Estas exposições sobre o mundo de Época Roamana são uma cabeçada enriquecedora num dos esteios da cultura ocidental. É triste que nem todo o ocidente lhe tenha acesso.

Anonymous said...

Pensar e repensar Publius Aelius Traianus Hadrianus requer alguma disponibilidade...
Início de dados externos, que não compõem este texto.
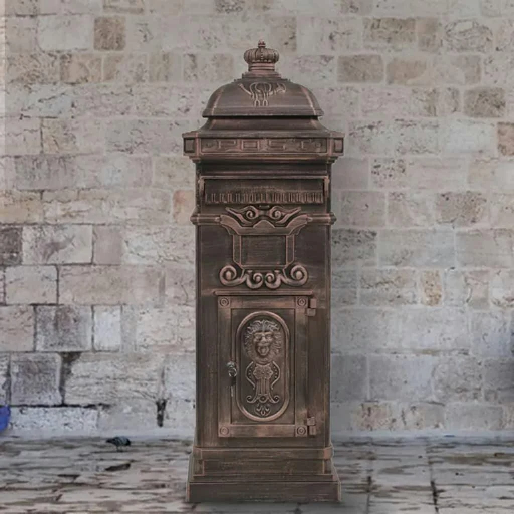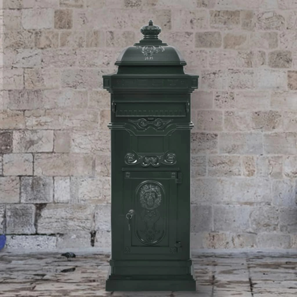 Dieser Briefkasten ist mit einem breiten Briefschlitz mit einer Klappe zum Schutz des Inhalts vor Witterungseinflüssen ausgestattet und verfügt über zwei abschließbare Fächer (2 Schlüssel pro Fach werden mitgeliefert) zur einfachen Entnahme der Briefe. Der Briefkasten ist aus witterungsbeständigem und rostfreiem Aluminiumguss gefertigt und somit bestens für den Außeneinsatz geeignet. Er ist mit einer Fülle von eleganten, im Vintage-Stil gehaltenen Dekorationsdetails verziert und wird so zum echten Blickfang in Ihrer Einfahrt oder Ihrem Eingangsbereich.

Isto é só para ficar entre nós! Não publique.

Sílvia

Anonymous said...

Ora aí está uma exposição que gostaria bastante de visitar. Inevitavelmente, acabei por recordar LES MÉMOIRES D'HADRIEN, da grande Yourcenar, e que tive o prazer de ter lido no original.

Anonymous said...

Por norma ninguém gosta de se expor, principalmente expor aspectos da vida privada, todavia esta exposição permite um repensar o carácter, vida, amor e legado de Adriano (117-138 d.C.).
Quando tive Antiguidade Clássica, em Coimbra, esta personagem exercia fascínio, pela sua personalidade, aparentemente, contraditória. Homem de interesse pela arquitectura e cultura grega, mandou edificar o Panteão de Roma, homem das grandes contradições… responsável pela propagação do Helenismo, tendo embelezado Roma e o Império numerosos monumentos.
Para quem não se recorda:
“A redefinição de fronteiras foi uma preocupação do imperador, que sucedeu a Trajano no ano de 117 e reinou até 138. A sua primeira medida foi mandar retirar as tropas da Mesopotâmia (hoje Iraque), onde enfrentava uma sangrenta guerrilha. Logo depois, Adriano ordenou a construção de uma muralha, com o seu nome, para servir de fronteira do império nas ilhas britânicas, separando a Inglaterra da Escócia.(…) E a morte de 580 mil judeus durante repressão da rebelião na Judeia (que renomeou como Palestina) entrou para a História como um dos seus actos mais cruéis. Quando Adriano chegou ao poder, o Império Romano era maior do que a actual União Europeia, com unificação da língua, da moeda e da administração".
Em termos pessoais, casado com Sabina, dizem por conveniência, manteve uma ligação amorosa com Antínoo. O amor foi tão forte, entre ambos, que Adriano chamou Antinopolis a uma cidade egípcia.
É no seu reinado que a Judeia passou a chamar-se Palestina como tentativa de apagar a memória Judaica. Porém, aquando da II Guerra Mundial, o povo Judaico regressa à “Terra Prometida”, organizando-se como Estado independente no ano de 1948. A Palestina, continua a ser apenas um território que luta pela independência! Os povos transportam a sua memória colectiva ao longo de séculos e séculos.
Na época os Judeus sentiam que a sua cidade sagrada estava a ser profanada, desrespeitada, hoje o povo palestiniano sente-se profanado pelos Israelitas! As guerras ainda continuam a ter uma base, religiosa, económica, e territorial. Quando a única, se é que é legítima, seria a guerra em defesa dos Direitos Humanos. Em pleno século XXI, ainda não assistimos a tal facto, embora a bandeira de muitas guerras se diga em defesa dos mesmos.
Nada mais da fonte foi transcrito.